The due diligence requirements will be effective for all corporate advisory engagements in Singapore on or after October 1, 2023. However, MAS has advised CF advisers to start developing and implementing policies to meet these new requirements.
Who do the new business conduct requirements apply?
The new conduct requirements apply to:
- Licensed banks, merchant banks, and finance companies that are exempt from holding a capital market services (CMS) license;
- Holders of a CMS license that advises on corporate finance; or
- Representatives from options a) and b) with respect to advising on corporate finance.
General business conduct requirements
This is one of the new business conduct requirements introduced under Notice SFA o4-N21.
Managing conflicts of interests
The notice requires a corporate finance adviser to mitigate any potential conflict between their interests and the interest of the client. Where the CF adviser is unable to mitigate any material conflict of interest then they must cease to give advice on that particular transaction, or in the case of a new engagement/project, decline to accept it.

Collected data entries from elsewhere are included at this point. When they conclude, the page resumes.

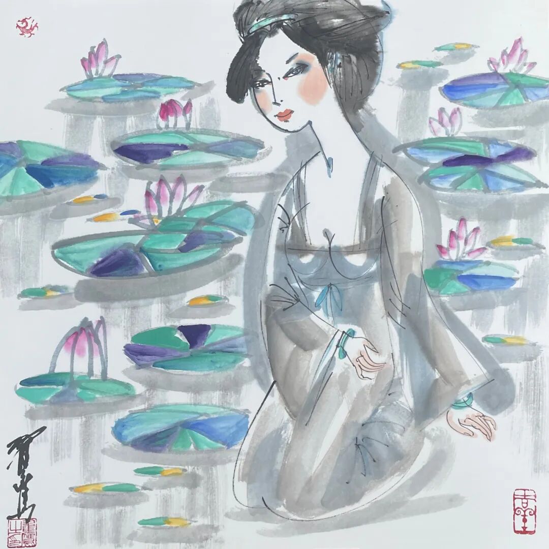 翟鹰 《荷塘》纸本水墨 50x50cm 2025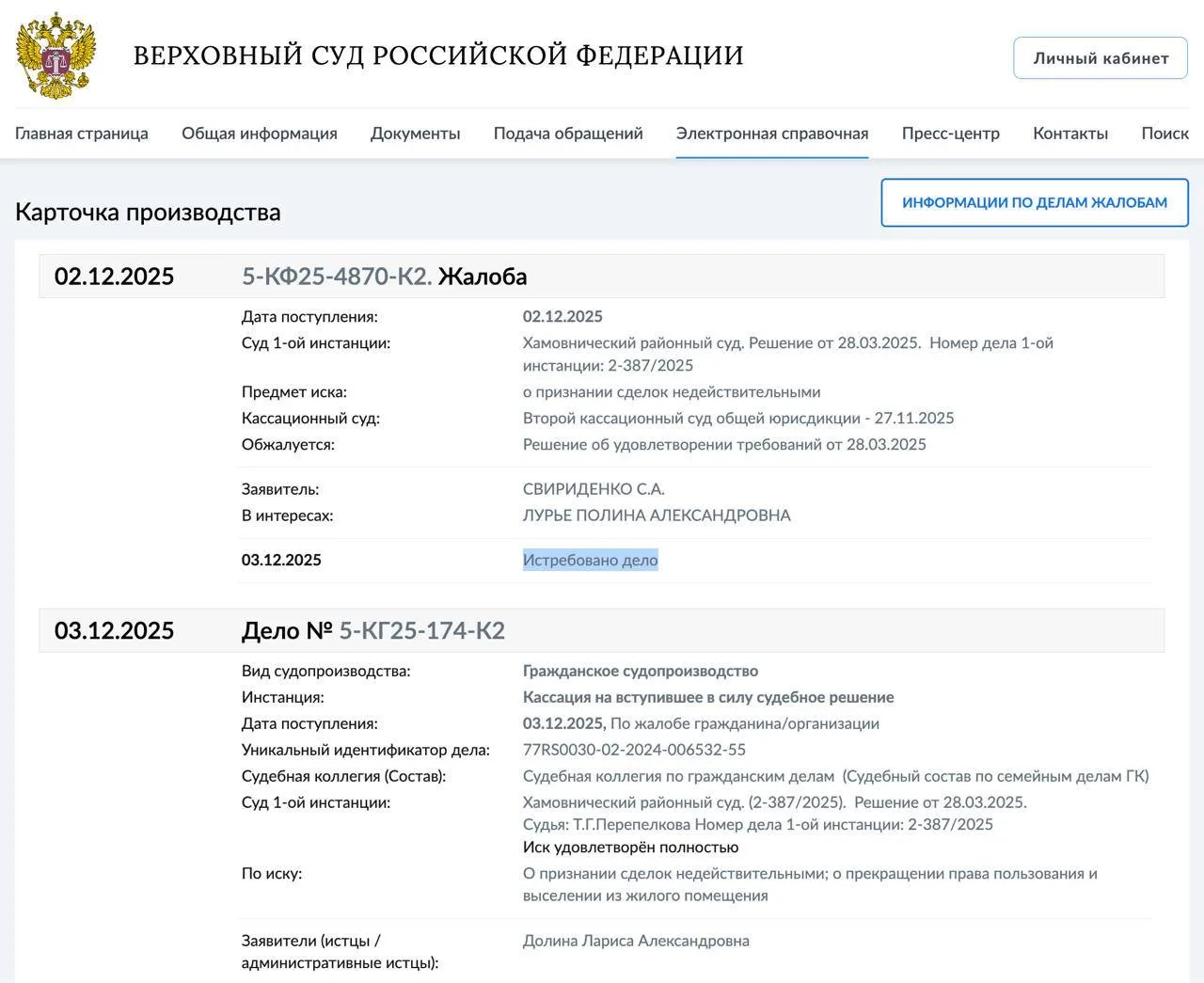 ‼️ Верховный Суд РФ истребовал дело против Ларисы Долиной. Это означает, что решение по нему может быть пересмотрено по результатам проверки.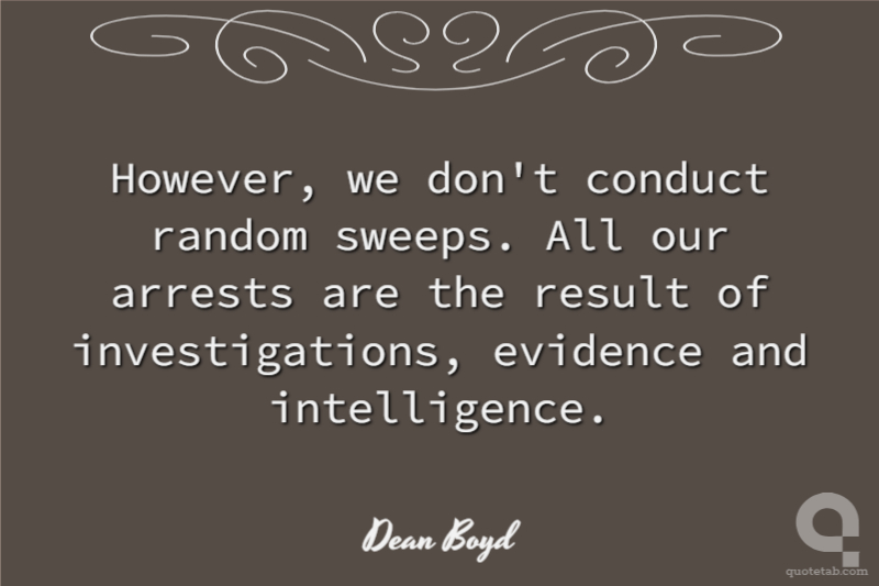 However, we don't conduct random sweeps. All our arrests are the result of investigations, evidence and intelligence.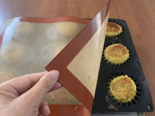 - Verser dans vos moules puis mettre au milieu une surprise pour chaque empreinte, en l’enfonçant dans la pâte. Recouvrir de toile silpat pour éviter que cela ne gonfle.

Further, the CF adviser must have policies, controls, and procedures to monitor and prevent insider trading practices. There must also be clear reporting lines for any escalation of issues as well as adequate oversight by CF adviser representatives.

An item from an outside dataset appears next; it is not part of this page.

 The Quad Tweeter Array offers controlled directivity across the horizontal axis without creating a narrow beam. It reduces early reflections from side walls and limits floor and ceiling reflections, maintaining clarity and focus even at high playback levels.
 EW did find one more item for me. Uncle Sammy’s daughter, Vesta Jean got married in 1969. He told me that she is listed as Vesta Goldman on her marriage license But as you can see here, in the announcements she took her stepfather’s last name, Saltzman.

General due diligence requirements
The CF adviser must conduct due diligence with reasonable skill and care. This includes assessing the accuracy and completeness of statements, and confirmations given by customers or other persons connected to the transaction.
Moreover, the corporate finance adviser must monitor, during the transaction, other information in relation to the transaction that brings into question the reliability of the original information received before the transaction.
Advising listing applicants on their regulatory requirements
The CF adviser must ensure that listing applicants are aware of their responsibilities under Singapore’s Securities and Futures Act. Further, the CF adviser must inform the applicants of their obligations after their admission to the Singapore Stock Exchange.
The notice provides that a corporate finance adviser must conduct background checks on the listing applicant, which includes key executives, directors, listing group entities, and controlling shareholders, among others.
Regarding appointing a third-party service provider, the corporate finance adviser must satisfy themself with the standards and quality of the due diligence performed by the third party.
Finally, the corporate finance adviser must be satisfied that the listing applicant is suitable for listing on the Singapore Stock Exchange. From the completeness of the information provided on the listing application to ensuring that the directors of the listing applicant are qualified to manage the business, the CF adviser is at the forefront of maintaining these due diligence requirements.